Le siège de Dole en juin1674, par Jean-Baptiste, Martin dit Martin des Batailles (1659-1735), qui a eu lieu du 26 mai au 6 juin 1674, en présence du roi Louis XIV. Second siège de la capitale comtoise par les Français au XVIIe siècle, c’est un des épisodes comtois de la guerre de Hollande, qui s’est achevée, en 1678 par l’annexion officielle de la Franche-Comté au royaume de France. Pascal Brunet. Musée des Beaux-Arts de Dole, 1995.1.1

Depuis 1668 au moins, comme le souligne Maurice Gresset3, les tractations pour déplacer l’université à Besançon sont engagées. La stratégie royale consistant à affirmer la centralité du royaume et à recentrer chaque principauté autour d’une ville principale siège d’intendance va également dans le sens de la volonté géopolitique de Louis XIV. Besançon, la plus grande ville de la principauté comtoise, a perdu sa fonction majeure, tout en restant le centre du diocèse. Si Dole, dès les ducs Valois, a capté les attributs d’une capitale – dont les sièges du parlement et de l’université –, la dynamique française va renverser le cours de l’histoire au profit de Besançon. C’est ainsi qu’il faut comprendre la fin de l’université doloise.


Notes :
1 – Selon l’étude de Julien Feuvrier, Un collège franc-comtois au xvie siècle, Dole, Alph. Krugell, 1889. 2 – Lucien Febvre, Philippe II et la Franche-Comté. Étude politique, religieuse et sociale, Paris, Champion, 1912. 2 – Maurice Gresset, « Le troisième centenaire du transfert de l’Université comtoise de Dole à Besançon », in Maurice Gresset et François Lassus (dir.), Institutions et vie universitaire dans l’Europe d’hier et d’aujourd’hui, Besançon, PUFC (« Annales littéraires »), 1992, p. 17-24. Bibliographie
  • Julien Feuvrier, Un collège franc-comtois au xvie siècle, Dole, Alph. Krugell, 1889.

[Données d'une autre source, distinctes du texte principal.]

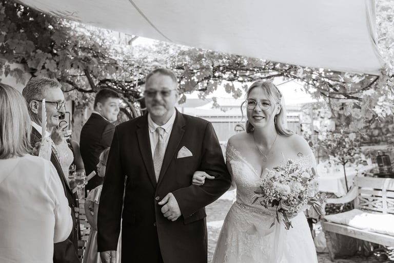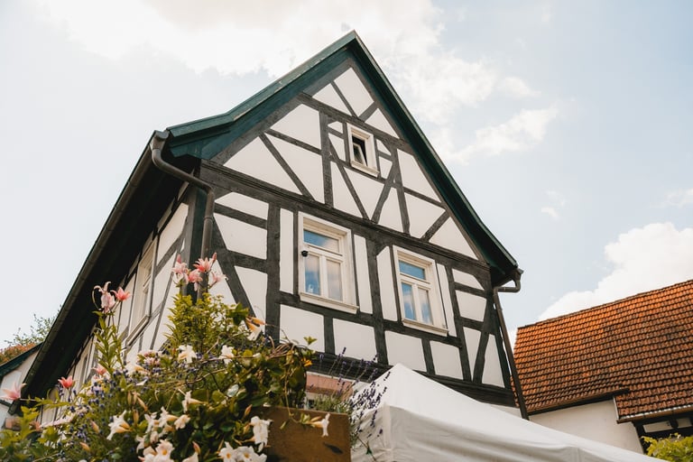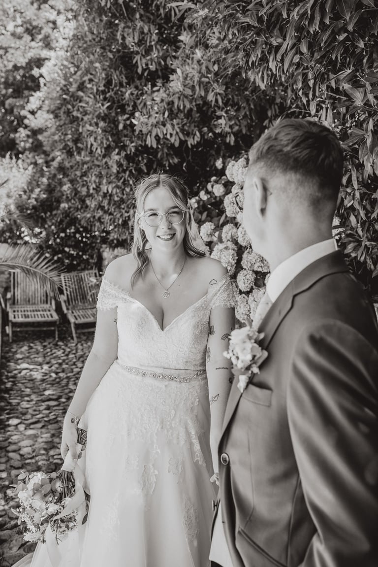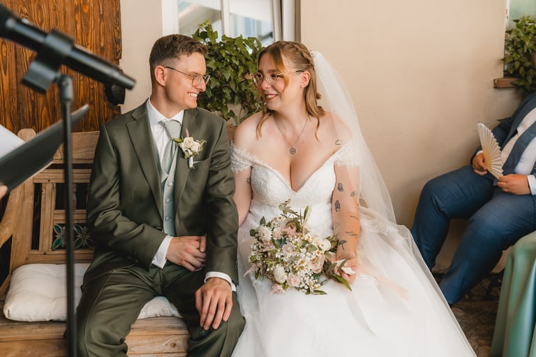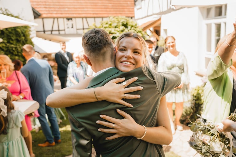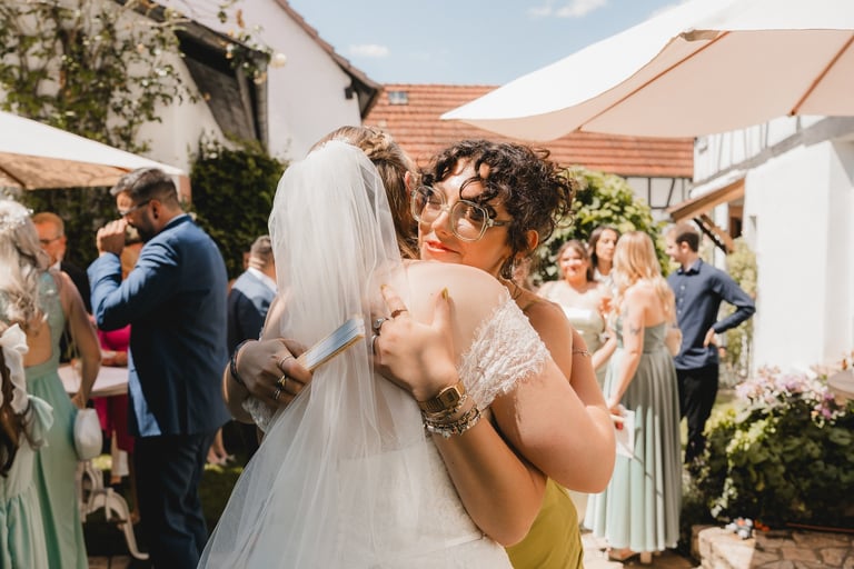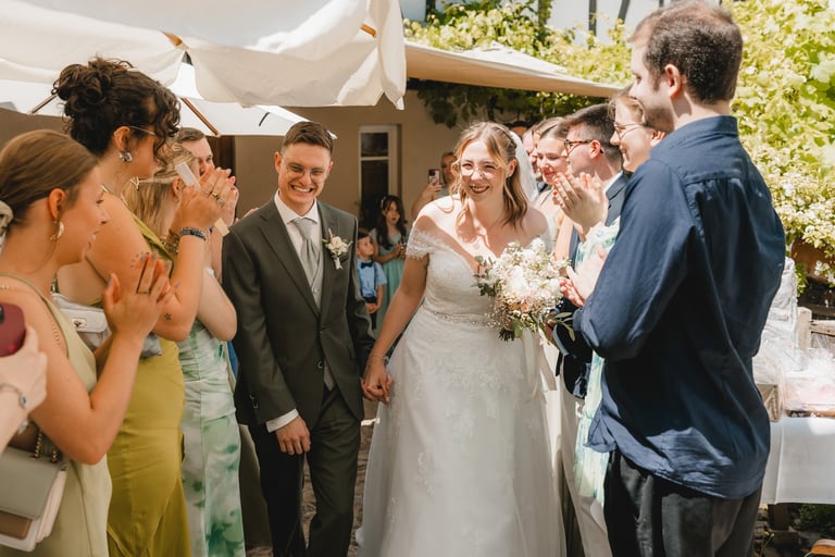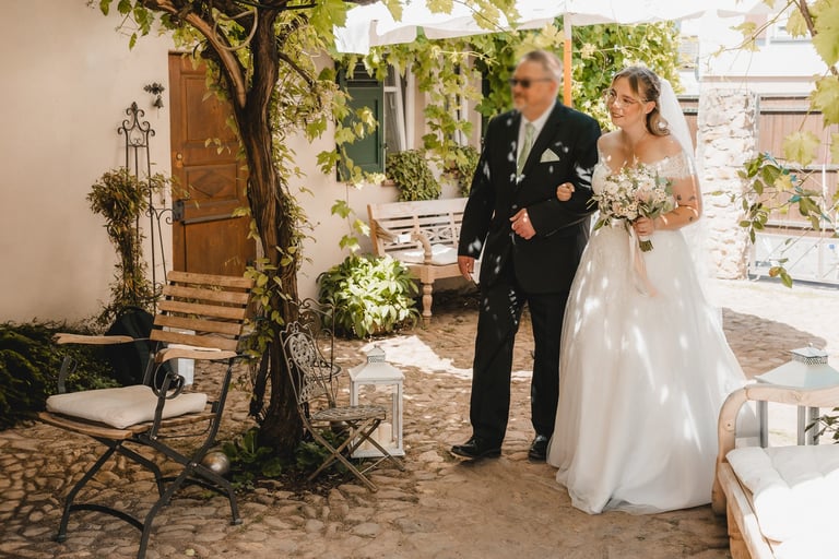 An einem wunderschönen Sommertag gaben sich Lena & Lukas im Geibelhof in Karben das Ja-Wort. Eine wirklich wunderschöne, denkmalgeschützte Hofreite, die mit ihrer einzigartigen Kombination aus historischem Fachwerk und mediterranem Flair sofort verzaubert. Überall spürt man die Liebe zum Detail und das Herzblut, das die Inhaber in diese besondere Location gesteckt haben.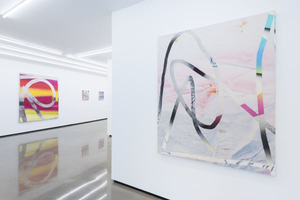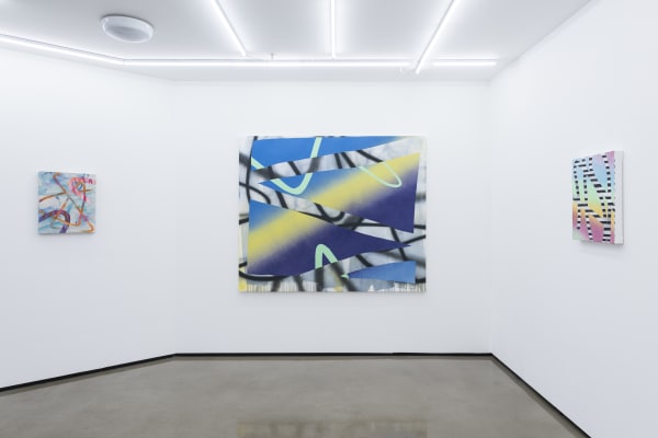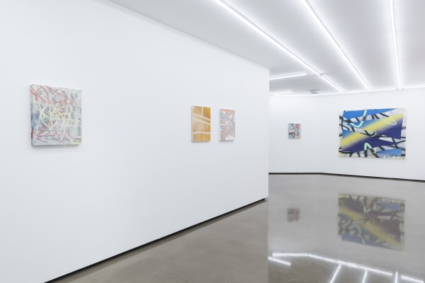 For Freeman, the analogue action of painting doubles as a printed process: where the human hand errs and where the machine has its own shortcomings. So as viewers we begin to further understand that the paintings are meant to be seen as imperfect realisations of the ‘perfect’ images created by digital technology. In her own words: ‘the back and forth actions between the machine and the physical realm of creation produces a hybrid experience that I strive to capture in my work.’ Whereas a digital line would cross a canvas with flawless accuracy and trajectory, Freeman, through the physical act of tracing the line with her own hand, creates imperfections and irregularities that prove the marks to be distinctly and irrevocably human. As such, the works house a sort of frenetic energy – in statis between their apparent digital nature and the painterly gesture.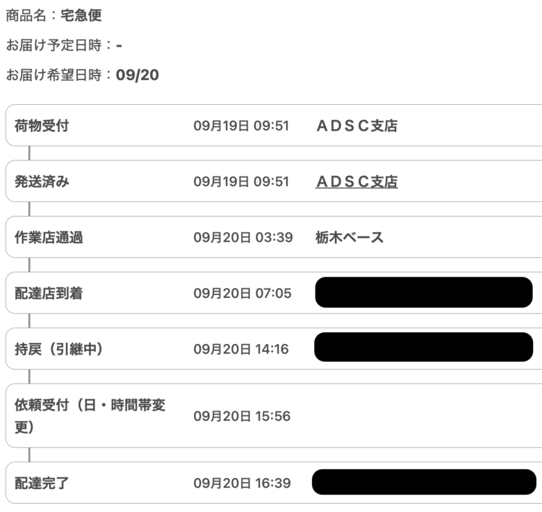 ADSC支店で荷物受付されました。(ADSC支店とはApple専用のヤマト運輸の支店)

  • Lucien Febvre, Philippe II et la Franche-Comté. Étude politique, religieuse et sociale, Paris, Champion, 1912.
  • Maurice Gresset, « Le troisième centenaire du transfert de l’Université comtoise de Dole à Besançon », in Maurice Gresset et François Lassus (dir.), Institutions et vie universitaire dans l’Europe d’hier et d’aujourd’hui, Besançon, PUFC (« Annales littéraires »), 1992, p. 17-24.